== The task ==
Skip the pictures. Transcribe the rest of the data below without changing a word.

== The data ==

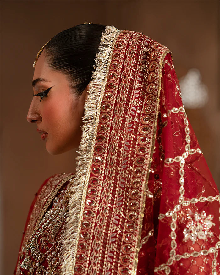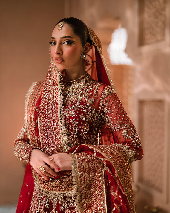 Drape yourself in the grandeur of royalty with our Red Bridal Wedding Dress, a breathtaking tribute to the legendary Mughal Mah Rani. Known for her majestic presence, strength, and timeless beauty, Mah Rani’s legacy of power and passion is exquisitely woven into this regal ensemble. Designed for the bride who embodies strength, grace, and timeless allure, this wedding ensemble is a true reflection of Mah Rani’s regal spirit. Step into your wedding day as a Mughal empress old, radiant, and unforgettable.
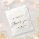 Chic Gastgeschenk Hochzeit-Tasche mit "A Sweet Danke" in einer Mischung aus einfachen Typografie und einem modernen Drehbuch, Ihre Namen durch ein Herz und Ihr Hochzeitstag verbunden.
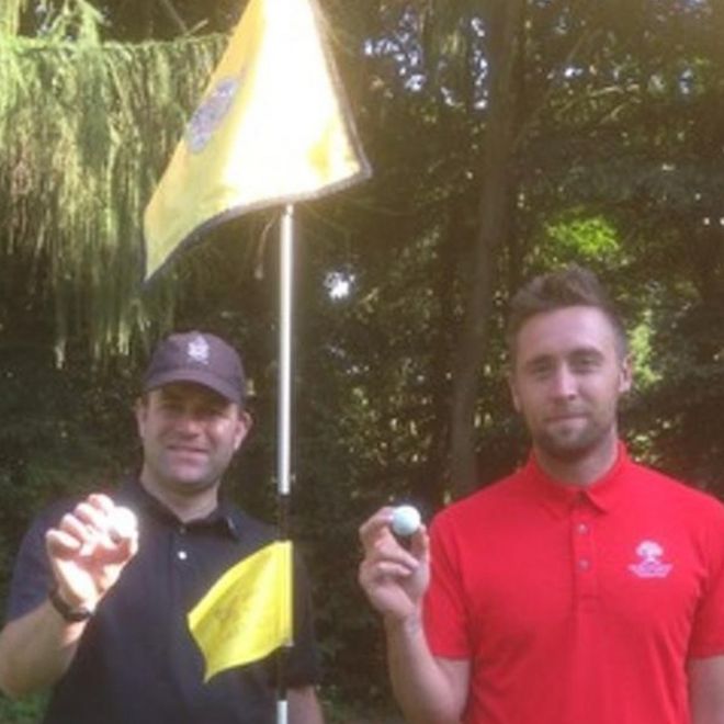 Los afortunados jugadores fueron Mark Avis y Aaron Saddleton, quiene participaban en un torneo aficionado por parejas en el campo del Royal Norwich Golf Club, en el este de Inglaterra.

== Task output ==
 Drape yourself in the grandeur of royalty with our Red Bridal Wedding Dress, a breathtaking tribute to the legendary Mughal Mah Rani. Known for her majestic presence, strength, and timeless beauty, Mah Rani’s legacy of power and passion is exquisitely woven into this regal ensemble. Designed for the bride who embodies strength, grace, and timeless allure, this wedding ensemble is a true reflection of Mah Rani’s regal spirit. Step into your wedding day as a Mughal empress old, radiant, and unforgettable.
 Chic Gastgeschenk Hochzeit-Tasche mit "A Sweet Danke" in einer Mischung aus einfachen Typografie und einem modernen Drehbuch, Ihre Namen durch ein Herz und Ihr Hochzeitstag verbunden.
 Los afortunados jugadores fueron Mark Avis y Aaron Saddleton, quiene participaban en un torneo aficionado por parejas en el campo del Royal Norwich Golf Club, en el este de Inglaterra.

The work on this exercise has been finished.